Самому ему лень было идти купаться, но он знал, что надо, и в конце концов пошел, чувствуя, как остуженная бризом вода приятно холодит горячие от солнца ноги, поднимаясь все выше, к паху, а потом он нырнул в теплую струю Гольфстрима и поплыл навстречу возвращавшейся четверке. Теперь, когда его голова была на одном уровне с ними, все выглядело иначе, тем более что они теперь плыли против ветра и волны захлестывали Эндрю с Дэвидом, которым приходилось делать усилия, чтобы продвигаться вперед. Томасу Хадсону они больше не казались четверкой каких-то морских животных. Их движения уже не были так свободны и красивы; видно было, что младшим мальчикам трудно преодолевать сопротивление ветра и воды. Может быть, это было не так уж и трудно. Но вода уже не казалась их родной стихией, как тогда, когда они плыли от берега. Получались две разные картины, и, может быть, вторая была даже лучше первой.

Все пятеро вышли из воды и направились к дому.

— Вот почему мне больше нравится плавать под водой, — сказал Дэвид. — Не надо заботиться о дыхании.

— Ну и отправляйся после обеда на подводную охоту с папой и с Томми, — сказал ему Эндрю. — А я останусь с мистером Дэвисом.

— Вы разве остаетесь, мистер Дэвис?

— Могу и остаться.

— Если из-за меня, так не нужно, — сказал Эндрю. — Я себе найду сколько угодно занятий. Я просто думал, вы все равно хотите остаться.
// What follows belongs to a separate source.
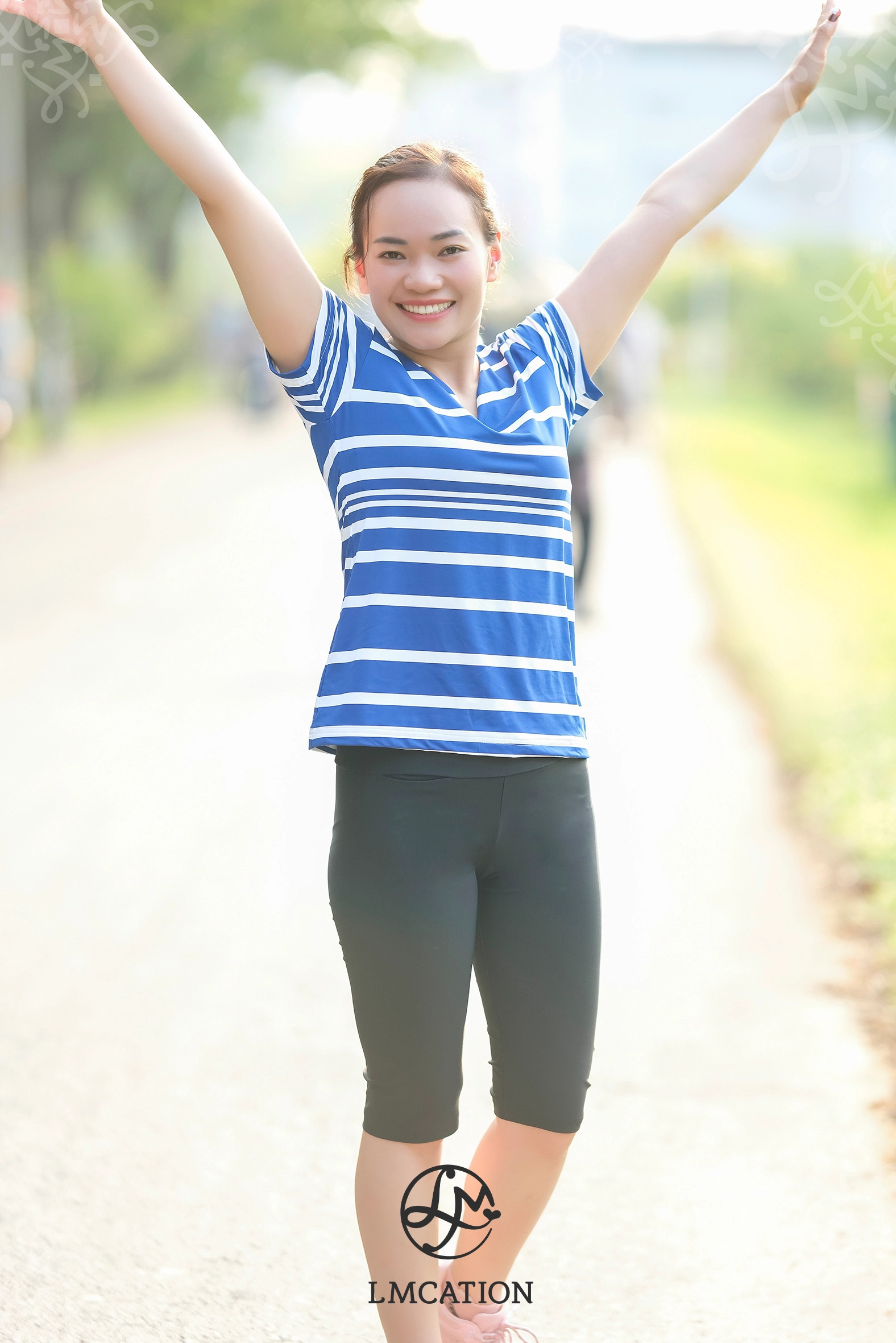 ✨Áo thun thể thao đa năng LMcation Hadley - Xanh sọc trắng

— Пожалуй, я останусь, — сказал Роджер. — Полежу, почитаю.

— Вы только ему не поддавайтесь, мистер Дэвис. А то ведь он кого угодно околдует.

— Да нет, я в самом деле хочу остаться, — сказал Роджер.

Они все успели переодеться в сухие шорты и собрались на нижней веранде. Джозеф принес миску салата с разной морской живностью, и все мальчики его ели, а Том-младший еще запивал пивом. Томас Хадсон сидел, откинувшись на спинку кресла, а Роджер стоял рядом с шейкером в руке.

— Меня всегда клонит ко сну после еды, — сказал он.

— Без вас будет скучно, мистер Дэвис, — сказал Том-младший. — Может, и мне остаться?

— Оставайся, Том, — сказал Эндрю. — Пусть папа и Дэвид отправляются вдвоем.

— Не воображай, что я буду играть с тобой в бейсбол, — сказал Том-младший.

— А мне и не нужно, чтобы ты играл. Тут есть один паренек, негр, он со мной поиграет.

— Все равно из тебя бейсболиста не получится, — сказал Том-младший. — Ростом не выйдешь.

— Я буду такого роста, как Дик Рудольф и Дик Керр.

— Понятия о них не имею, — сказал Том-младший.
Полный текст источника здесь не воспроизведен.